Surprise! OnePlus 3, 3T also had OnePlus 5T’s face-unlock feature all along

OnePlus 5T

Chinese smartphone maker OnePlus has been promoting face unlocking as one of the OnePlus 5T, besides other upgrades that the phone brings. The feature is promised to roll out in the OnePlus 5 with the Android Oreo update. However, the yesteryear’s flagships are said to have been kept out from the list of phones that get the feature in the software update.

If you are using one of the earlier OnePlus flagships – OnePlus 3 and OnePlus 3T – and thinking of upgrading to the OnePlus 5T only for its face-unlock feature, we have a reason for you to stick around for a little more.
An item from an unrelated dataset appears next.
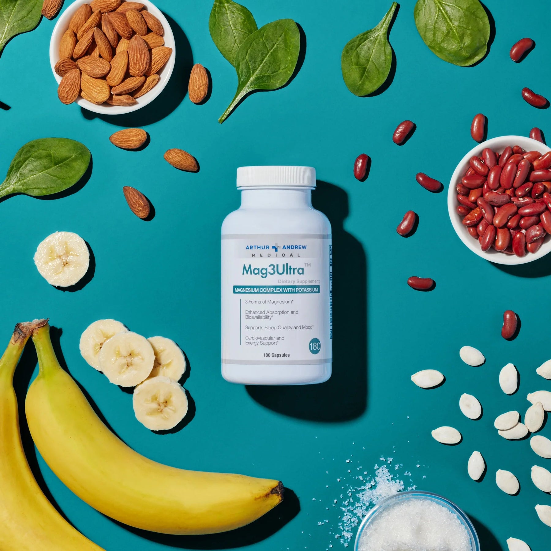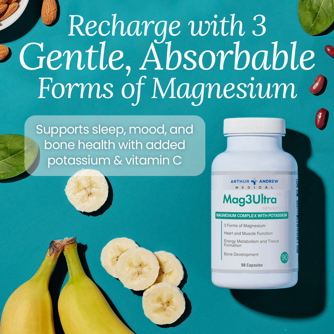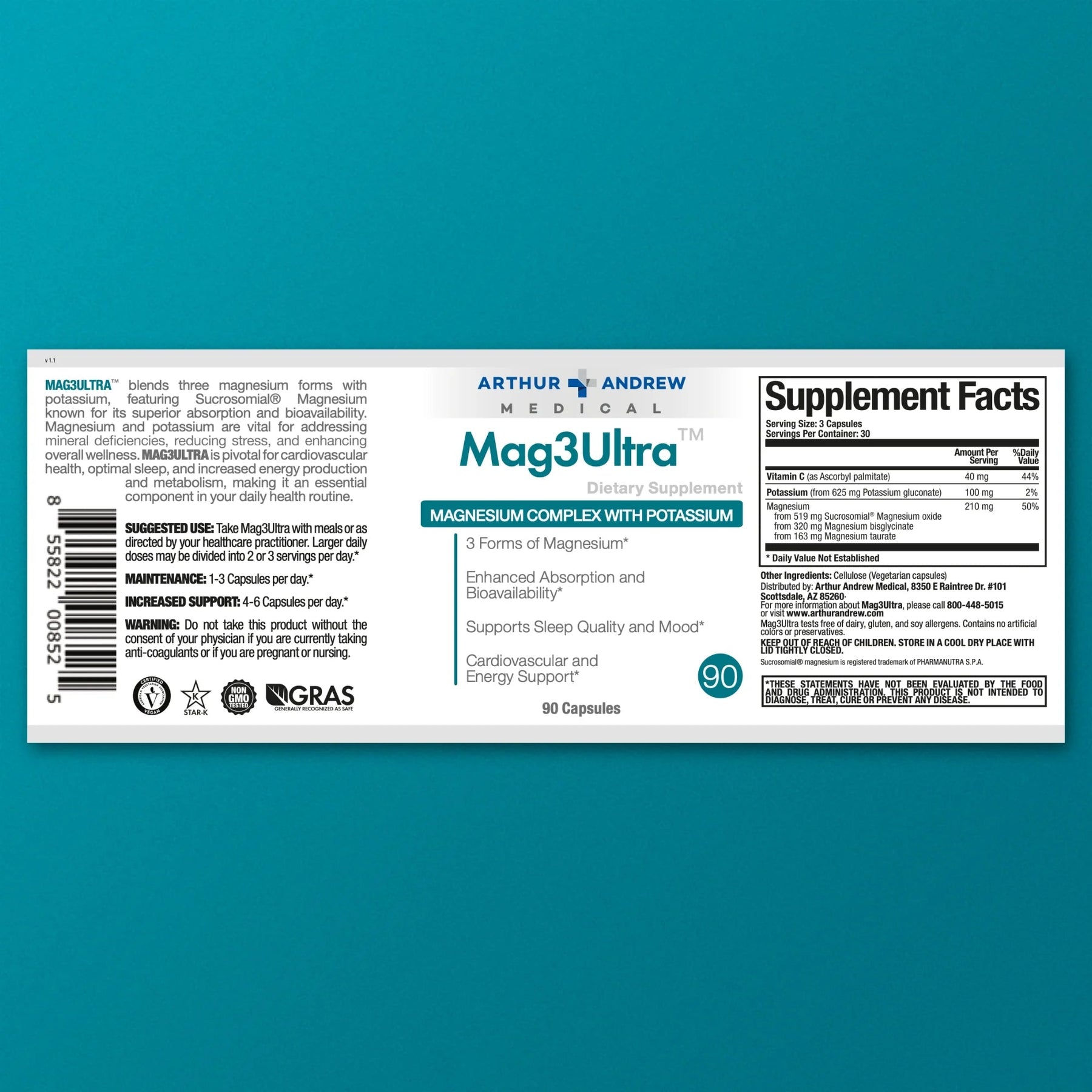 Mag3ultra from Arthur Andrew Medical provides a potent blend of three highly bioavailable forms of magnesium to support overall health and well-being. This comprehensive formula is designed to optimize magnesium levels, contributing to healthy muscle function, nerve transmission, and bone density.*
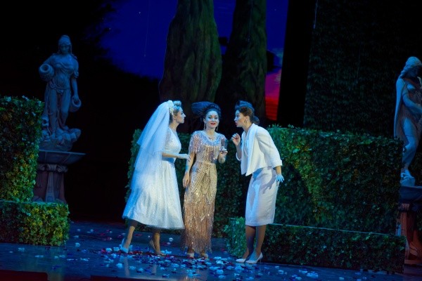Но нет никаких сомнений в том, что ни один зритель, посетивший оперу «Свадьба Фигаро», не останется равнодушным к исполнительскому мастерству и солистов, и артистов хора. Вокальные партии Валерии Баландиной (Сюзанна), Майи Рийверс (графиня Розалина), Александра Шейпака (граф Альмавива), Сергея Гарашкина (Фигаро), Дмитрия Семкина (Дон Базилио), Анастасии Ершовой (Барбарина), Кристины Довидайтис (Керубино) и других вызывают огромное уважение и заставляют от всего сердца преклонить голову перед титаническим трудом, с которым столкнулась вся творческая команда при подготовке спектакля. Выучить огромные тексты партий на итальянском языке, не просто заучить, а вникнуть в смысл, пропустить через себя, затем три часа (!) существовать на сцене в постоянном движении, еще пытаясь не просто петь, танцевать и играть, как драматические актеры, – это испытание на прочность. Не только физическую, а профессиональную в первую очередь. Справились! Браво!

It turns out, the face unlock feature has all along been available in the OnePlus 3 and OnePlus 3T devices as well — sitting within the settings options. And, it works flawlessly — almost as quickly as the one in the latest flagship.
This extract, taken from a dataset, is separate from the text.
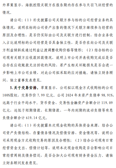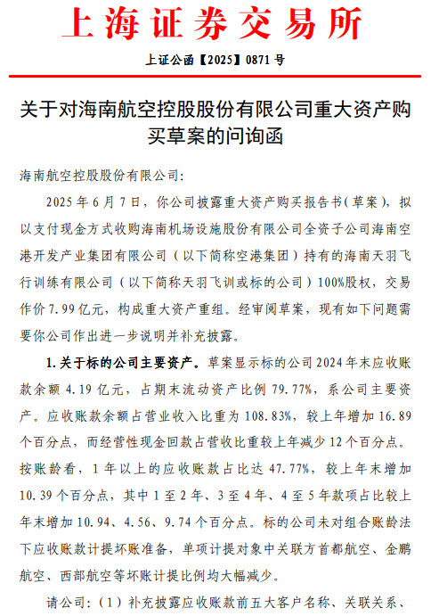6月18日晚,上交所向海航控股下发问询函,就公司拟收购标的天羽飞训的应收账款回收风险、盈利能力、评估作价合理性,以及上市公司本次现金收购的具体资金来源等问题展开问询,要求海航控股说明此次现金收购是否会加大现有财务资金压力。
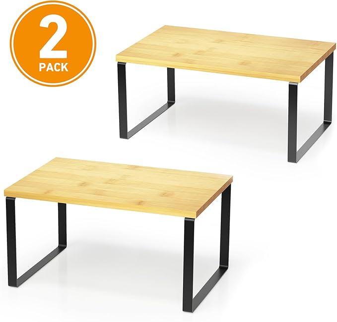 - BAMBOO SHELVES - With bamboo and metal combined, the cabinet organizer is perfect to utilize the vertical space; Also a great decorative addition or accent to any cupboard space

Here’s how to enable the face-unlock feature in the OnePlus 3 and OnePlus 3T devices running on the Android Oreo operating system:

Step 1: Go to settings and look for ‘security & fingerprint’ option and click on it

Step 2: In the security & fingerprint option, there is another option of ‘Smart Unlock’ under the device security tab

Step 3: The smart unlock option provides 5 different ways that can be used to unlock the device – On-body detection, Trusted places, Trusted devices, Trusted face and Trusted voice. Click on Trusted face option to set up the face-unlock feature

Step 4: Find a place, which is not too bright or too dim before setting up the face-unlock feature, and hold the phone at the eye level

Step 5: The phone recognises your face in the same manner as the OnePlus 5T does.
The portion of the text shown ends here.